University of Bristol, Bristol, United Kingdom (D.M.P., N.J.W., D.M.C., A.A.).
University of Bristol, Bristol, United Kingdom, and University of York, Heslington, York, United Kingdom (S.D.).
Ann Intern Med. 2019 Apr 16;170(8):538-546. doi: 10.7326/M18-3542. Epub 2019 Mar 26.

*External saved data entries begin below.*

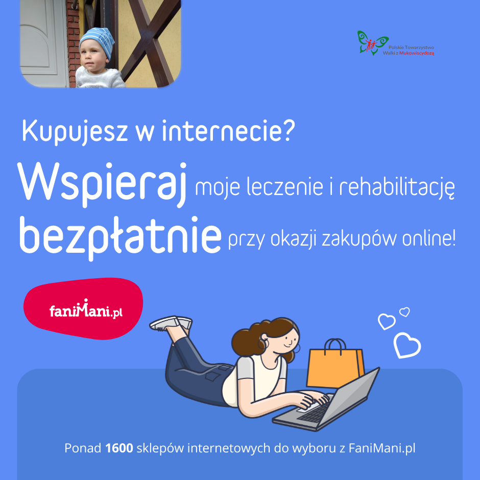 Udostępnij materiały i pomóż Pomoc dla Michała Mantaja w walce z mukowiscydozą zbierać darowizny od zakupów online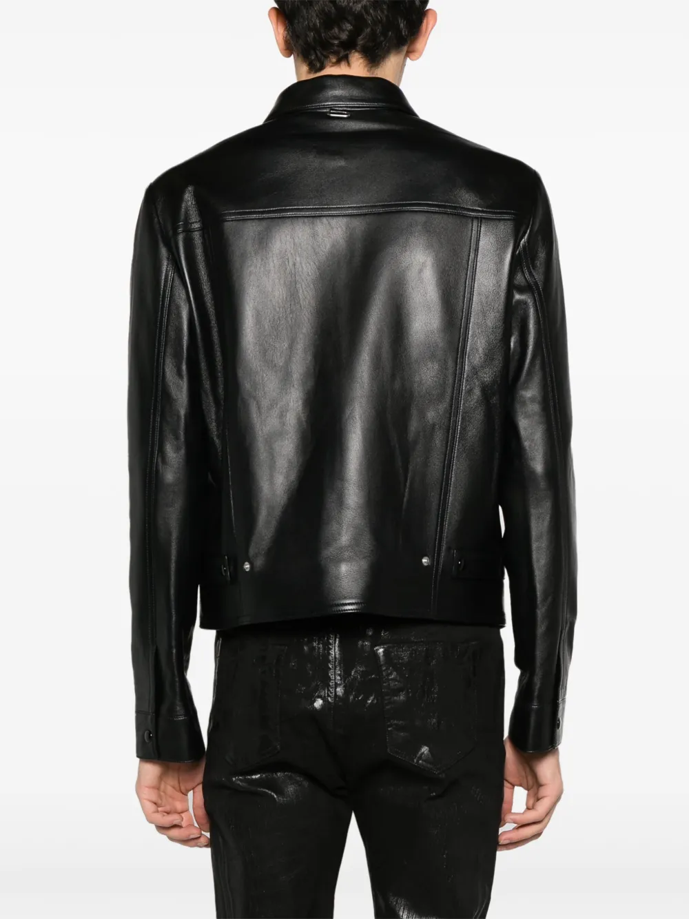 Black Lambskin Leather Trucker Jacket with Buckle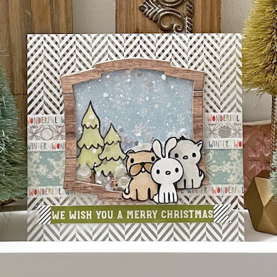 I always love cards built on my well-hoarded stash of Hambly Screen Print transparencies... I always love coloring the Pretty Pink Posh Holiday Pals... and I always love shaker cards. This baby is all of those AND features random strips of washi tape, to boot!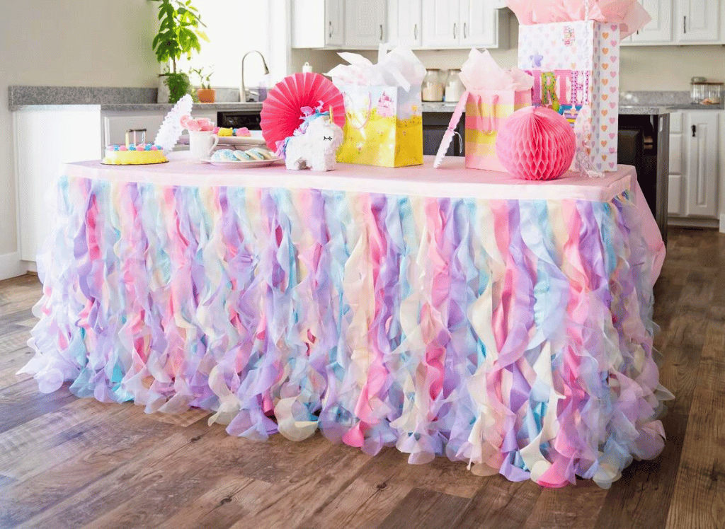 Use a rainbow tulle tutu table skirt to give your gifts table a dreamy look. Adorn it with unicorn centerpieces and sprinkle some confetti to add that extra dash of magic! ๐จโจ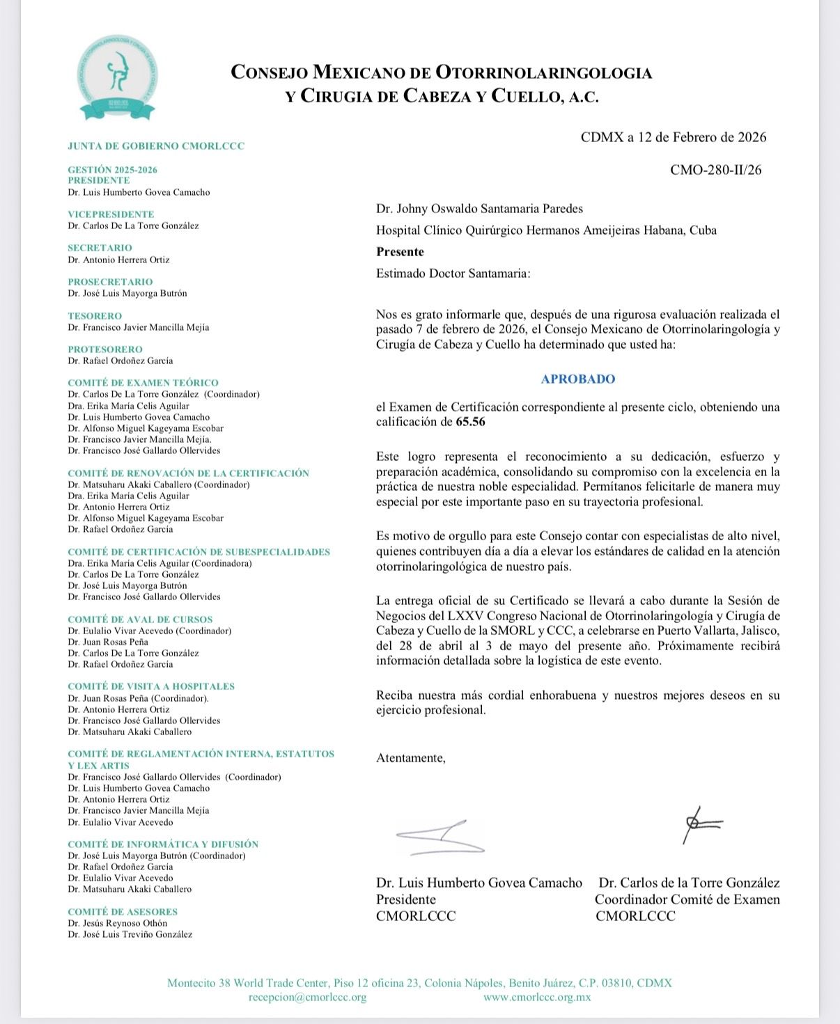 Especialista en enfermedades de oídos nariz y garganta en Ecuador y Cuba Alta especialidad en oído por 4 años en Ecuador.

Guideline development requires the synthesis of evidence on several treatments of interest, typically by using network meta-analysis (NMA). Because treatment effects may be estimated imprecisely or be based on evidence lacking internal or external validity, guideline developers must assess the robustness of recommendations made on the basis of the NMA to potential limitations in the evidence. Such limitations arise because the observed estimates differ from the true effects of interest, for example, because of study biases, sampling variation, or issues of relevance. The widely used GRADE (Grading of Recommendations Assessment, Development and Evaluation) framework aims to assess the quality of evidence supporting a recommendation by using a structured series of qualitative judgments. This article argues that GRADE approaches proposed for NMA are insufficient for the purposes of guideline development, because the influence of the evidence on the final recommendation is not taken into account. It outlines threshold analysis as an alternative approach, demonstrating the method with 2 examples of clinical guidelines from the National Institute for Health and Care Excellence (NICE) in the United Kingdom. Threshold analysis quantifies precisely how much the evidence could change (for any reason, such as potential biases, or simply sampling variation) before the recommendation changes, and what the revised recommendation would be. If it is judged that the evidence could not plausibly change by more than this amount, then the recommendation is considered robust; otherwise, it is sensitive to plausible changes in the evidence. In this manner, threshold analysis directly informs decision makers and guideline developers of the robustness of treatment recommendations.
指南的制定需要综合几种有价值的治疗方法的证据,通常采用网络荟萃分析(NMA)。由于治疗效果的估计可能不够准确,或者基于缺乏内部或外部有效性的证据,指南制定者必须评估 NMA 基础上提出的建议对证据潜在局限性的稳健性。这些局限性是由于观察到的估计值与实际感兴趣的效果不同,例如由于研究偏倚、抽样变化或相关性问题。广泛使用的 GRADE(推荐评估、制定与评价)框架旨在通过一系列结构化的定性判断来评估支持推荐的证据质量。本文认为,针对 NMA 提出的 GRADE 方法对于指南制定来说是不够的,因为没有考虑证据对最终推荐的影响。本文概述了阈值分析作为一种替代方法,并通过英国国家卫生与保健优化研究所(NICE)的 2 个临床指南示例演示了该方法。阈值分析精确地量化了证据可能发生变化的程度(由于任何原因,如潜在偏倚或仅仅是抽样变化),在此之前推荐会发生变化,以及修订后的推荐意见是什么。如果判断证据不可能发生如此程度的变化,那么该推荐是稳健的;否则,该推荐对证据中的合理变化敏感。通过这种方式,阈值分析直接向决策者和指南制定者告知治疗建议的稳健性。